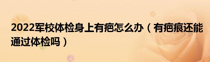 大家好,小高來(lái)為大家解答以上問(wèn)題。2022軍校體檢身上有疤怎么辦,有疤痕還能通過(guò)體檢嗎很多人還不知道,現(xiàn)在讓我們一起來(lái)看看吧!
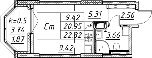 - S общая: 20.95 м2
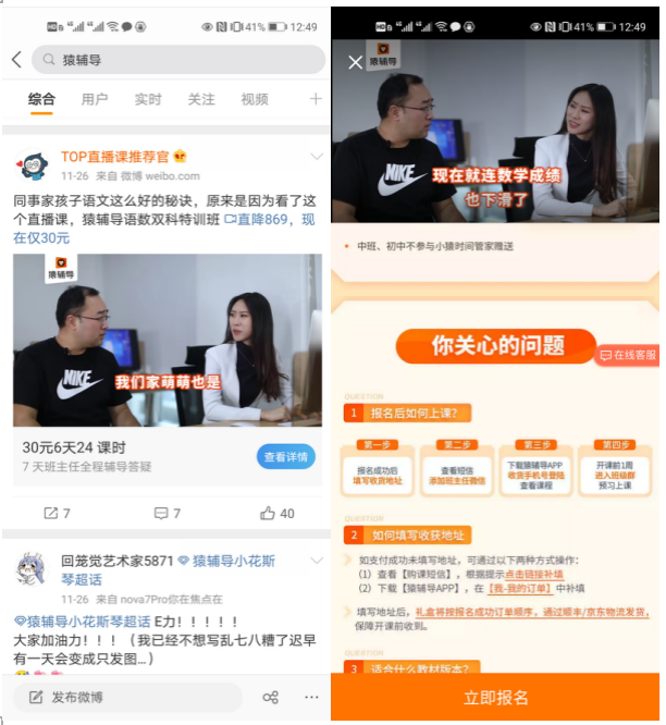 總結:快速發(fā)展階段,猿輔導在各大熱門平臺都進行了廣告投放,快速曝光,進行搶占流量。

— Your goal —
Repeat the listing above word for word, omitting the pictures.

— Written response —
 大家好,小高來(lái)為大家解答以上問(wèn)題。2022軍校體檢身上有疤怎么辦,有疤痕還能通過(guò)體檢嗎很多人還不知道,現(xiàn)在讓我們一起來(lái)看看吧!
 - S общая: 20.95 м2
 總結:快速發(fā)展階段,猿輔導在各大熱門平臺都進行了廣告投放,快速曝光,進行搶占流量。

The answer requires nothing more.